Supplied data:

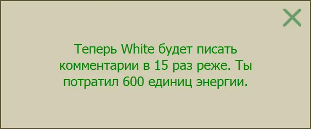 Улитизация - в течение суток улитизированный пользователь сможет писать комментарии не чаще, чем раз в 15 минут. В качестве бонуса прилагается очаровательная аватарка. Дешевле затычки и позволяет приструнить словоохотливого тролля. Доступно с 28 уровня за 600 энергии.
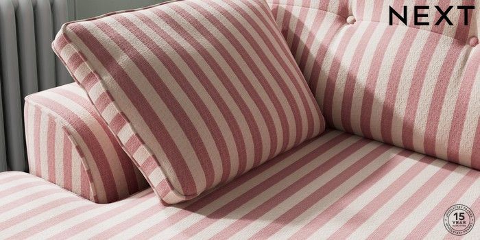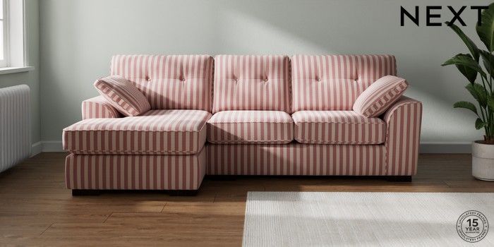 7.3.1 Buy Stamford Buttoned Back Medium Sofa Chaise - Left Hand Bold Chenille Stripe Dark Pink Large Square Angle - Dark from the Seasons online shop Click here to use our website with more accessibility support, for example screen readers
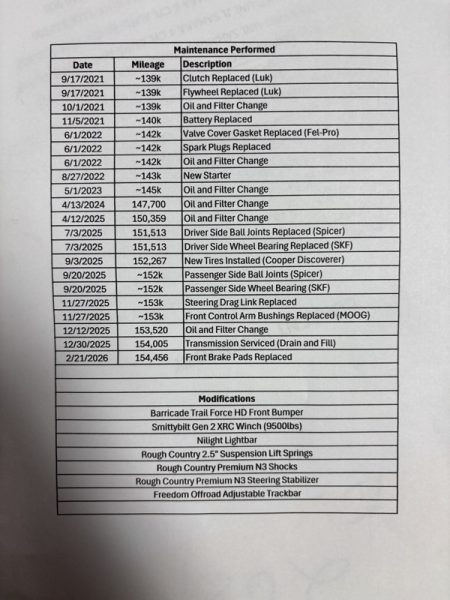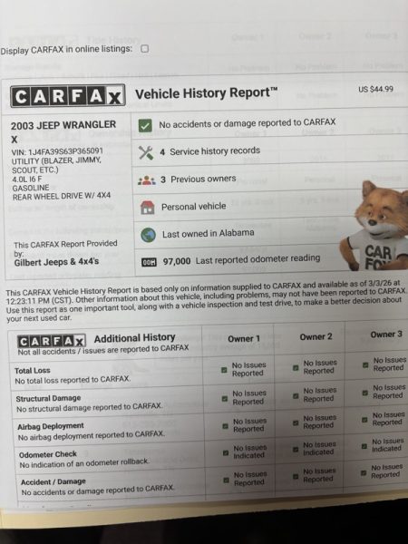 This is a good solid JEEP WRANGLER; The paint and interior is showing its age, but not so bad as to be a deal breaker. It runs and drives great. The pictured page shows service intervals and the add-on equipment. The soft top is in good condition as are the tires. Clean CAR FAX! COME TRADE WITH US; WEHRE YOU LEAVE WITH A SMILE AND A "FULL" GAS TANK!
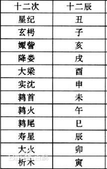 十二次:星纪、玄枵、娵訾、降娄、大梁、实沈、鹑首、鹑火、鹑尾、寿星、大火、析木。
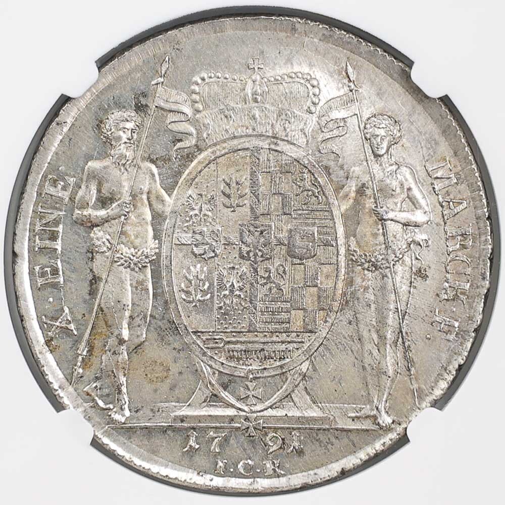 ドイツ小侯国時代の希少な大型銀貨として、歴史的価値・芸術性・保存状態の三拍子が揃った逸品です。
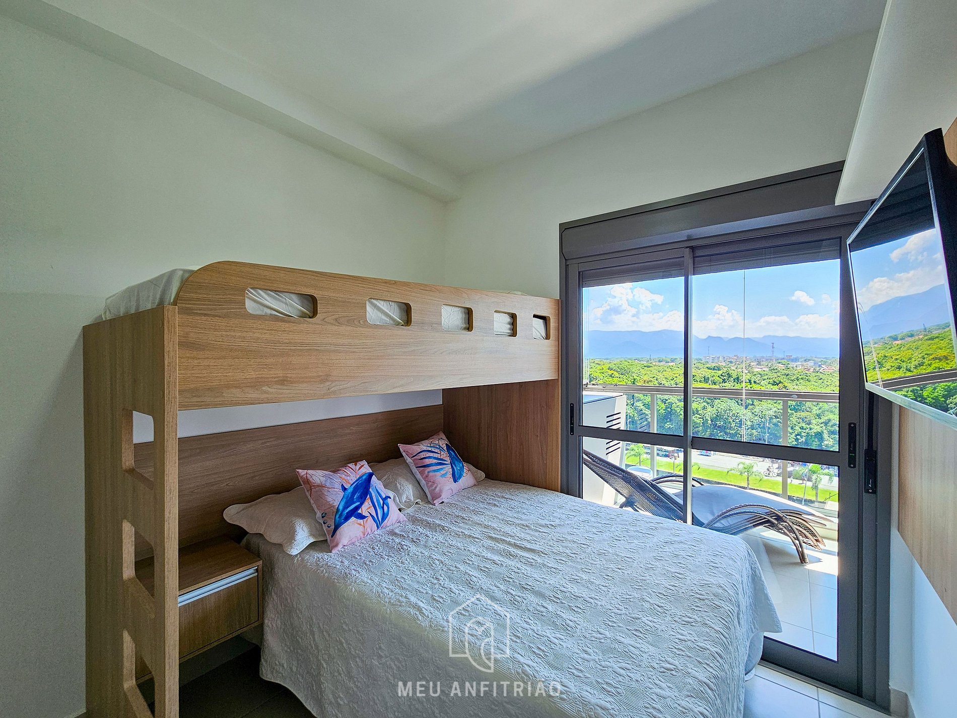 Nosso apartamento acomoda até 5 pessoas em uma cama queen, uma cama de casal e uma cama de solteiro em beliche.
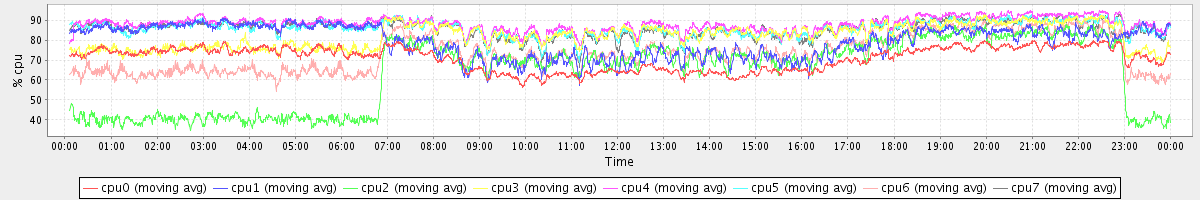 avg(cpu0) = 70.80 avg(cpu1) = 79.33 avg(cpu2) = 63.64 avg(cpu3) = 82.15 avg(cpu4) = 88.02 avg(cpu5) = 85.83 avg(cpu6) = 73.19 avg(cpu7) = 85.73
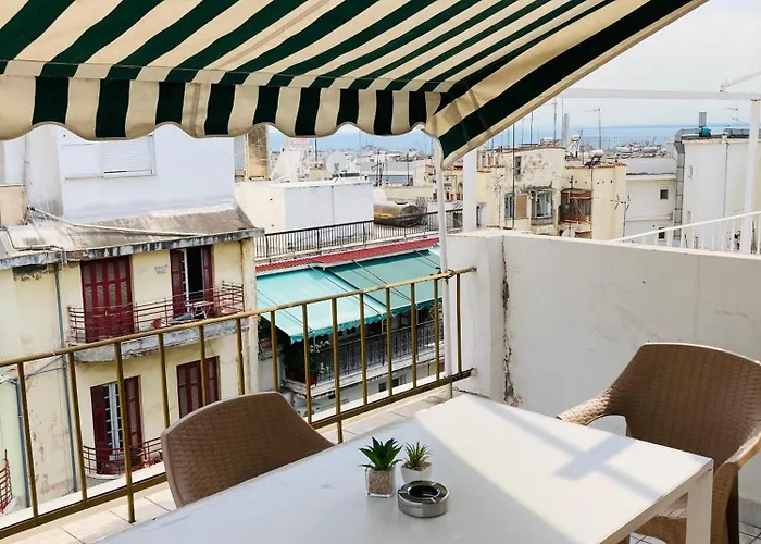 O apartamento Anthonys Rooftop Tessalónica de 45 m² inclui terraço e está localizado a 5 minutos a pé da Igreja do Profeta Elias.

Assignment:
Keep every word of the records above exactly, and return them with no pictures.

Response:
 Улитизация - в течение суток улитизированный пользователь сможет писать комментарии не чаще, чем раз в 15 минут. В качестве бонуса прилагается очаровательная аватарка. Дешевле затычки и позволяет приструнить словоохотливого тролля. Доступно с 28 уровня за 600 энергии.
 7.3.1 Buy Stamford Buttoned Back Medium Sofa Chaise - Left Hand Bold Chenille Stripe Dark Pink Large Square Angle - Dark from the Seasons online shop Click here to use our website with more accessibility support, for example screen readers
 This is a good solid JEEP WRANGLER; The paint and interior is showing its age, but not so bad as to be a deal breaker. It runs and drives great. The pictured page shows service intervals and the add-on equipment. The soft top is in good condition as are the tires. Clean CAR FAX! COME TRADE WITH US; WEHRE YOU LEAVE WITH A SMILE AND A "FULL" GAS TANK!
 十二次:星纪、玄枵、娵訾、降娄、大梁、实沈、鹑首、鹑火、鹑尾、寿星、大火、析木。
 ドイツ小侯国時代の希少な大型銀貨として、歴史的価値・芸術性・保存状態の三拍子が揃った逸品です。
 Nosso apartamento acomoda até 5 pessoas em uma cama queen, uma cama de casal e uma cama de solteiro em beliche.
 avg(cpu0) = 70.80 avg(cpu1) = 79.33 avg(cpu2) = 63.64 avg(cpu3) = 82.15 avg(cpu4) = 88.02 avg(cpu5) = 85.83 avg(cpu6) = 73.19 avg(cpu7) = 85.73
 O apartamento Anthonys Rooftop Tessalónica de 45 m² inclui terraço e está localizado a 5 minutos a pé da Igreja do Profeta Elias.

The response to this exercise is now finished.